W Sejmie mimo obywatelskiego protestu po raz osiemnasty zapalono świece na chanukiji. A przed nim wznoszono w tym czasie antysemickie okrzyki. Policja nie interweniowała, ale bacznie obserwowała.
W związku z ubiegłorocznym wypadkiem zgaszenia świec przez ówczesnego posła Grzegorza Brauna w tym roku została wzmocniona na miejsce dopuszczano wyłącznie osoby za zaproszeniami „Żaden z głównych kandydatów koalicji chanukowej nie pojawił się dziś na odpaleniu chanuki. Nie było ani Nawrockiego, ani Trzaskowskiego ani Hołowni. Za szabesgojkę robiła Kidawa. Czy możecie mi ten fenomen wytłumaczyć?” – napisał na portalu X redaktor naczelny nczas.info Tomasz Sommer.
Przed Sejmem odbył się protest podczas którego wyjaśniano wierzenia sekty Chabad Lubawitz, skandowano też “ludobójcy”, “mordercy” odnosząc się do bombardowań izraelskich w Gazie.

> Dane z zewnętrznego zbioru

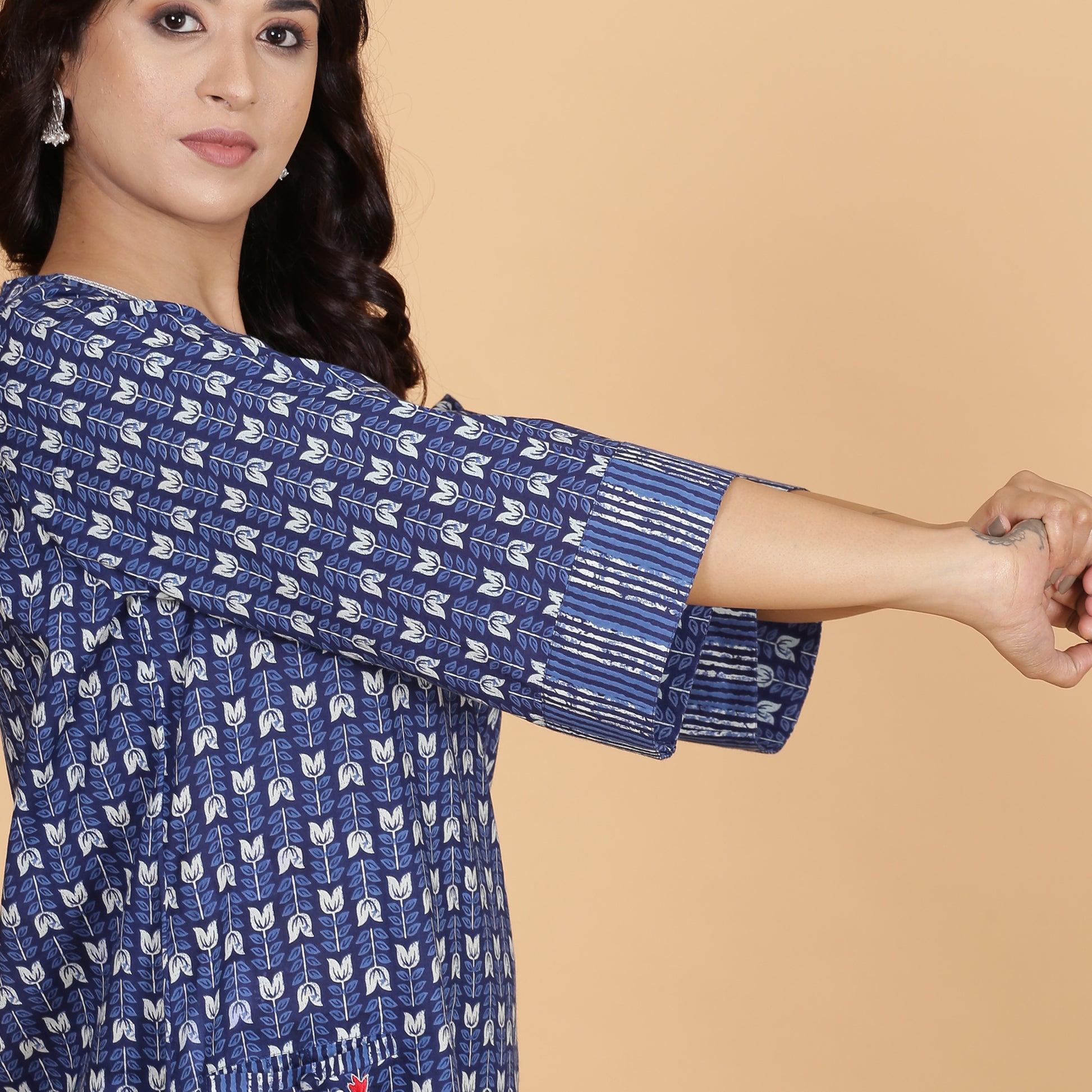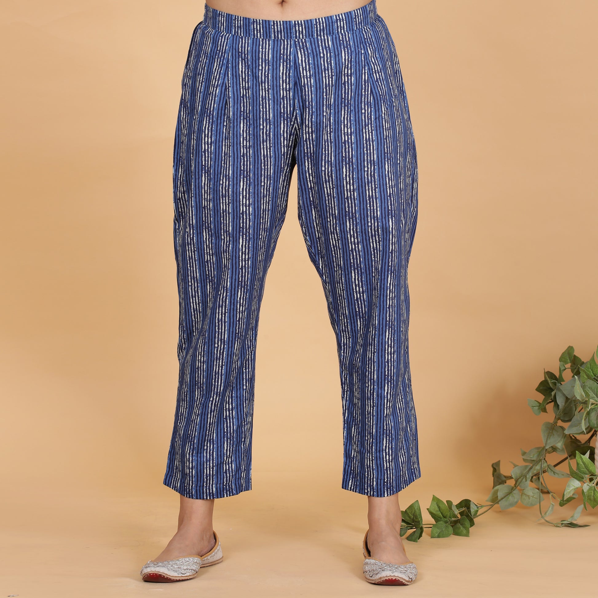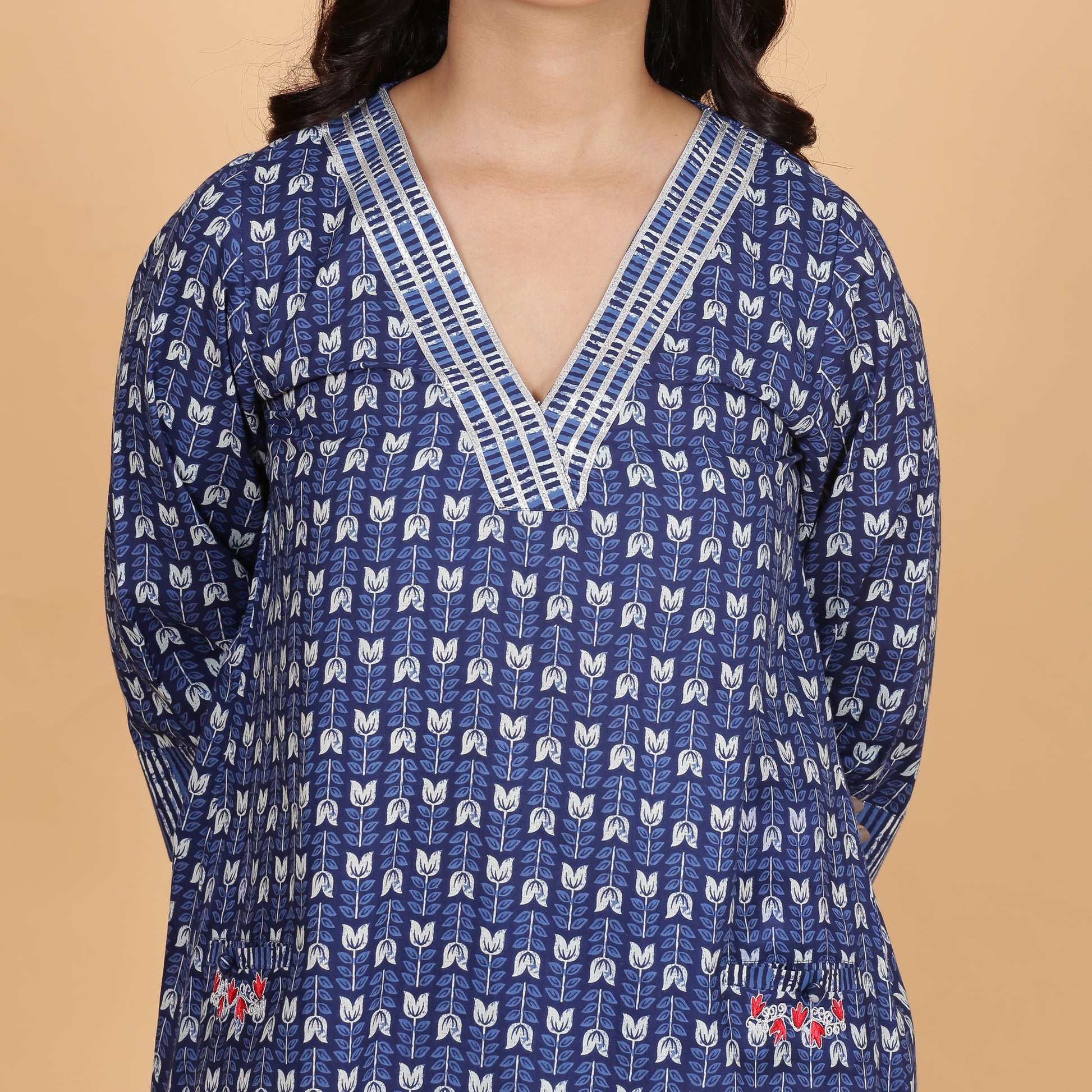 This blue pocket kurta set exudes contemporary charm with its embroidered details and striped pants. The kurta features elegant embroidery and practical pockets, combining style with functionality. Paired with striped pants for a modern twist, this set is perfect for casual outings or semi-formal events.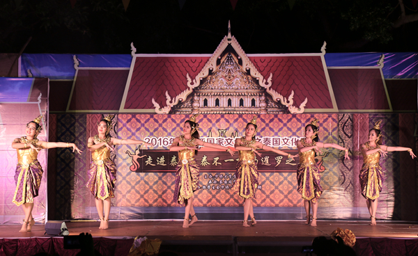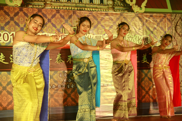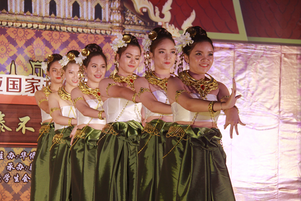 伴随着悠扬的音乐,泰国的同学们身着盛装款款步入舞台,以舞蹈《暹罗微笑之邦》开场,用一颦一笑问候所有的观众。来自中国、泰国、缅甸三个国家的主持人身着特色服装,邀请嘉宾佩戴胸花、水灯祈福、泼洒花瓣,寓意泰国文化展开幕。
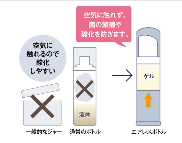 ボトルはエアレスボトルという 真空タイプのボトル で中身が酸化しにくい優れモノです。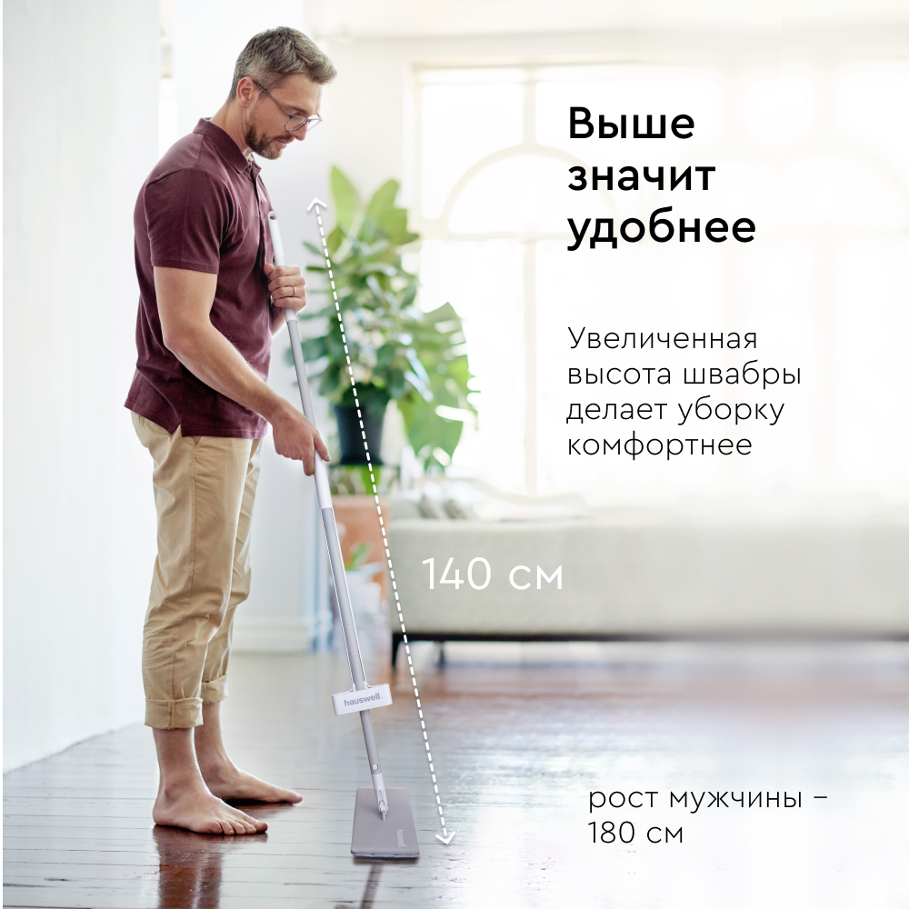 Швабра с отжимом без ведра Hauswell Slim Pro, 1 насадка, белая интересное:

W Sejmie na niewielkiej widowni zasiadło kilkoro parlamentarzystów, przedstawiciele korpusu dyplomatycznego Szwajcarii, Czech, Francji oraz Izraela, a także zaproszeni Żydzi z Polski. Rabin Szalom Stambler, przewodniczący Chabad-Lubawicz przypomniał historię gdy Grecy próbowali zmusić Żydów do porzucenia swoich obyczajów. – Machabeusze, którzy powstali przeciwko Grekom, znaleźli w świątyni jeden dzbanuszek z oliwą, której ilość miała wystarczyć na zaledwie jeden dzień, a palił się przez osiem, czyli czas potrzebny do wytworzenia nowej oliwy – wyjaśniał. Rabin Stambler wspomniał też zmarłego wczoraj Jimmy’ego Cartera. W latach 70., podczas kryzysu wywołanego porwaniem ludzi w amerykańskiej ambasadzie w Teheranie, prezydent USA wyszedł przed Biały Dom, by wziąć udział w zorganizowanej przez Chabad-Lubawicz ceremonii zapalenia chanukowych świec.
Chanuka to ośmiodniowe święto określane współcześnie jako Hag ha-Urim (hebr. święto świateł), które powstało na bazie wydarzeń historycznych opisanych w Księgach Machabejskich. W 2024 r. Chanuka rozpoczyna się wieczorem 25 grudnia, kończy wieczorem 2 stycznia 2025 r.
Świece chanukowe w sejmie już zapalone @RadioZET_NEWS pic.twitter.com/JgFXwbBEXm
— Anna Józefowicz (@aniajozia) December 30, 2024
„Tu jest Polska, a nie Polin” skandowało tymczasem kilkaset osób zebranych przed sejmem witając polskiego posła do Parlamentu Europejskiego i lidera Konfederacji Korony Polskiej Grzegorza Brauna.
Poseł Konfederacji Włodzimierz Skalik zacytował rabina Menachema Mendela Schneersona, ostatniego duchowego przywódcę Chabad-Lubawicz, który stwierdził, że „Żydzi mają wyższą duszę niż nie-Żydzi”, a „nie-Żydzi będą służyć Żydom, gdy przyjdzie Mesjasz”. Roman Fritz poinformował, że przy wejściu do Sejmu posłów się przeszukuje, a z holu zniknęły gaśnice.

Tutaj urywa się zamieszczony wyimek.